Software & Data Management
The Windows-based analytical software (compiled in Delphi) provides full lifecycle data handling compliant with modern laboratory informatics expectations. It features channel-independent calibration curve management, dynamic real-time integration (20 Hz sampling rate), and customizable sample metadata fields (operator ID, batch number, material grade). All raw spectral data, time-resolved gas evolution profiles, and final quantified results are stored in encrypted Microsoft Access databases with timestamped records. Query functionality supports multi-parameter filtering (date range, analyst, sample ID, channel, pass/fail status). Statistical tools include RSD calculation, linear regression diagnostics, and comparative curve overlay. Reporting supports configurable templates for internal QA reports or external regulatory submissions; export options include CSV, PDF, and XML formats compatible with LIMS integration. Software includes built-in blank subtraction, drift correction, and automatic baseline normalization algorithms.
Applications
This analyzer serves critical roles in metallurgical process control (e.g., ladle analysis prior to casting), incoming raw material inspection (scrap, ferroalloys, fluxes), failure analysis laboratories investigating embrittlement mechanisms, and R&D settings studying carbide/sulfide phase formation kinetics. Its extended dynamic range (to 99.999% C/S) enables accurate quantification in specialty applications such as ultra-high-carbon steels, sulfide-bearing minerals, and carbon-rich catalyst supports. The 35-second typical analysis cycle supports throughput requirements in high-volume production labs, while sub-ppm sensitivity ensures compliance with stringent specifications for low-alloy steels, aerospace superalloys, and electronic-grade metals where residual C/S impurities directly impact mechanical or electrical performance.
FAQ
What types of samples require pre-treatment before analysis?
Most solid metallic samples require only surface cleaning and precise weighing. Non-conductive or high-volatility matrices (e.g., polymers, organics) may necessitate mixing with tungsten or tin accelerator and encapsulation in ceramic crucibles to ensure complete combustion.
Is helium required for carrier gas?
No — the system operates with high-purity oxygen (≥99.995%) as both combustion and carrier gas; optional argon flushing is available for specific sulfur-sensitive applications.

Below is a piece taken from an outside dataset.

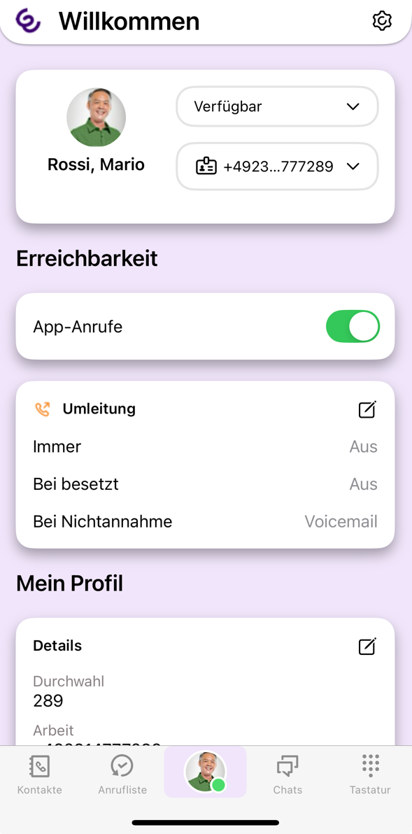 Statussignalisierung und Anrufer-ID wählen und auf einen Blick sehen welche Anrufer-ID Sie für ausgehende Anrufe nutzen. Weitere persönliche Informationen wie z. B. Ihre Durchwahl oder Ihre E-Mail-Adresse finden Sie unter
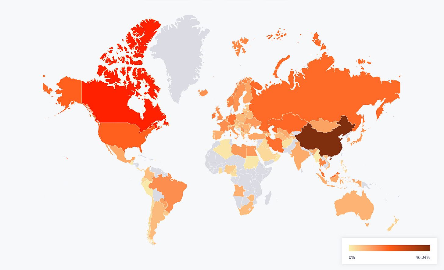 During that time China’s absolute hashrate was steady while the rest of the network nearly doubled, suggesting that most mining operations were already migrating away from China well before the recent crackdown on Bitcoin mining. This is where mining power is distributed globally today:

Can the instrument be integrated into an existing LIMS environment?
Yes — via standardized ODBC/JDBC drivers and structured export files; API-level integration requires custom middleware development aligned with site-specific LIMS protocols.
What maintenance intervals are recommended for optimal performance?
Daily: Dust filter inspection and cleaning; weekly: IR source output verification and optical window inspection; quarterly: absorption cell purge and detector gain calibration using certified gas standards.
Does the system support ASTM E1019 or ISO 4935 methodology?
While designed to meet ISO 15350:2000 and GB/T 20123–2006, its combustion efficiency, gas handling, and detection linearity satisfy the fundamental technical requirements of ASTM E1019 and ISO 4935; method adaptation requires documented validation per ISO/IEC 17025.